When is a dwelling a “detached dwelling”? — the goalposts shift again

24 September 2014

Paior & Anor v City of Marion & Ors (No. 3) [2014] SAERDC 42

As a result of several ERD Court and the Supreme Court judgments, including McNamara v City of Charles Sturt & Anor [2001] SASC 368, Kermode v City of Mitcham [2007] SAERDC 57 and City of Port Adelaide Enfield v Moseley [2008] SASC 88, the way in which applications for dwellings may lawfully be processed by councils has undergone significant change.

Where an application proposes the construction of a new dwelling on land, that dwelling is not a “detached dwelling” as a matter of law unless the site upon which the dwelling is to be located comprises an allotment of land or otherwise provides the owner of the dwelling with similar, exclusive and unalienable tenure.

This is for two reasons:

  • firstly, the Courts have determined that where a developer intends to divide land in the future, it is inappropriate for a relevant authority to determine a related built form application prior to the division because:
    • logically, in the view of the Courts, the division of land comes before the approval of any development of that land; and
    • to do so has the potential to fetter the relevant authority’s discretion to determine the land division with regard to the relevant provisions of the Development Plan; and
    • the nature of the division will necessarily bear upon the decision to grant consent to the related built form;
  • secondly because the definition of “detached dwelling” in Schedule 1 of the Development Regulations 2008 requires that the dwelling be “on a site that is held exclusively with that dwelling” (our emphasis);
    • the Courts have determined that the term “held exclusively” denotes exclusive and inalienable rights to the owner of the dwelling, which can only be achieved through the grant of title;
    • in the context of development applications, the Courts have determined that, at the very least, “there must be a commitment, in the form of an application to divide the subject land, lodged prior to or contemporaneously with the application for the dwelling, or evidence of the creation of some other appropriate and sufficient form of tenure” (Kermode at [29]).

As a result of these decisions, where an applicant proposes a “detached dwelling” where the dwelling’s site does not comprise an allotment of land, councils have been determining the nature of the development to be an undefined “dwelling” or are otherwise requiring lodgment of a land division application and ensuring that the land division is approved prior to or together with the built form application.

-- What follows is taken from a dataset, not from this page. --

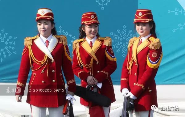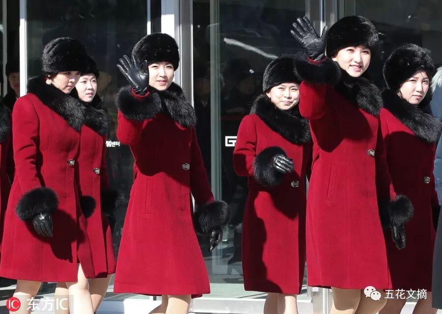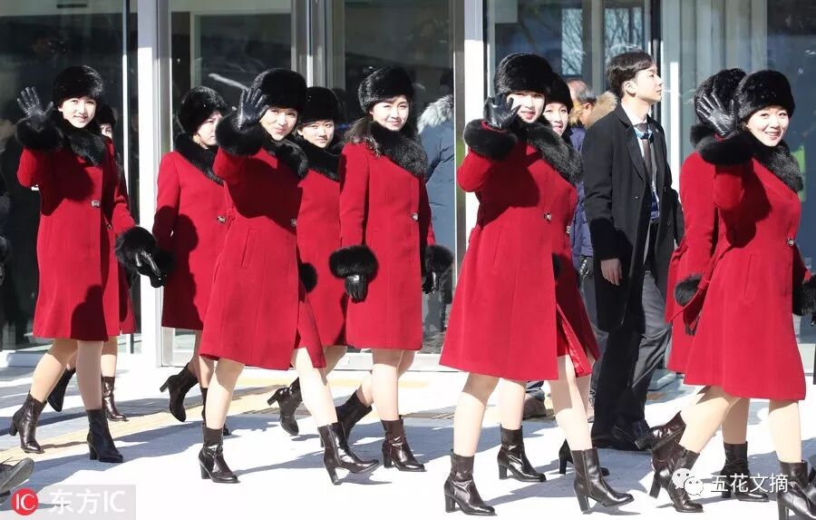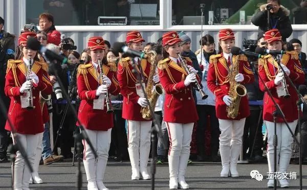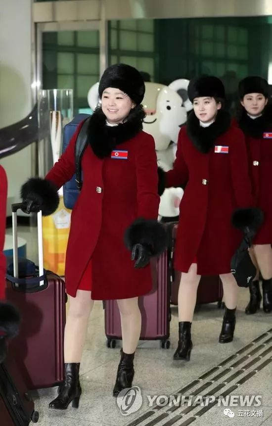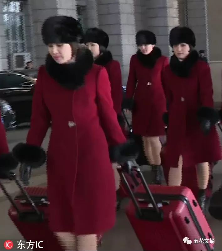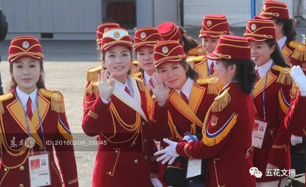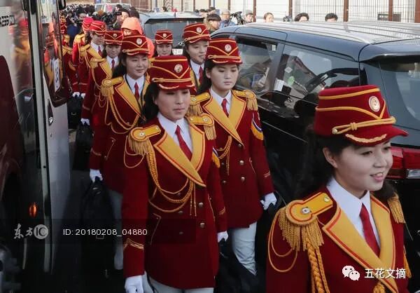 拉拉队员个个青春靓丽,颜值爆表,身穿统一的,有朝鲜国旗的红色呢子大衣,平均身高1米65,面带微笑,韩媒大赞“太美了”,韩国警方为她们提供了“超国宾安保待遇”。

The Paior judgment has taken this line of reasoning considerably further.

This judgment related to two section 86(1)(f) reviews commenced by the Paiors in relation to two development applications, one lodged in 2011 and one lodged in 2013.  The 2011 development application proposed a single, two-storey dwelling on a site which was not an allotment, nor had an approval been issued for the creation of an allotment.  The Council had determined the nature of the dwelling to be a “detached dwelling” as it had been provided with a copy of a plan of division and was informed that the land division would occur after the built form application was approved (the subsequent land division application was lodged after the grant of Development Plan consent to the dwelling application and received full development approval prior to the dwelling application receiving full development approval).

In its decision on the 2011 application, the Court found that the dwelling was not a “detached dwelling” at the time that this application was assessed and that the dwelling only became a “detached dwelling” when the approved plan of division was lodged for registration at the Land Titles Office.

This decision is significant as it means that an application for a dwelling cannot be determined to be a “detached dwelling” (or, for that matter, a semi-detached or row dwelling, each definition for which also requires a site that is “held exclusively” with that dwelling) unless and until a land division application has received full development approval and a section 51 certificate from the DAC and the approved plan of division lodged for registration (necessitating the payment of stamp duty and all other fees and taxes associated with the creation of a new allotment).

Given the state of the South Australian economy and the already precarious lending conditions facing developers which, in turn, is increasing pressure upon them to seek approval for built form applications as soon as possible, we consider that this judgment will create considerably backlash amongst developers and may, finally, lead to reform of the relevant definitions in Schedule 1.

In the meantime however, the judgment of the ERD Court is clear and means that councils will need to reassess the way in which dwelling applications are processed and determined.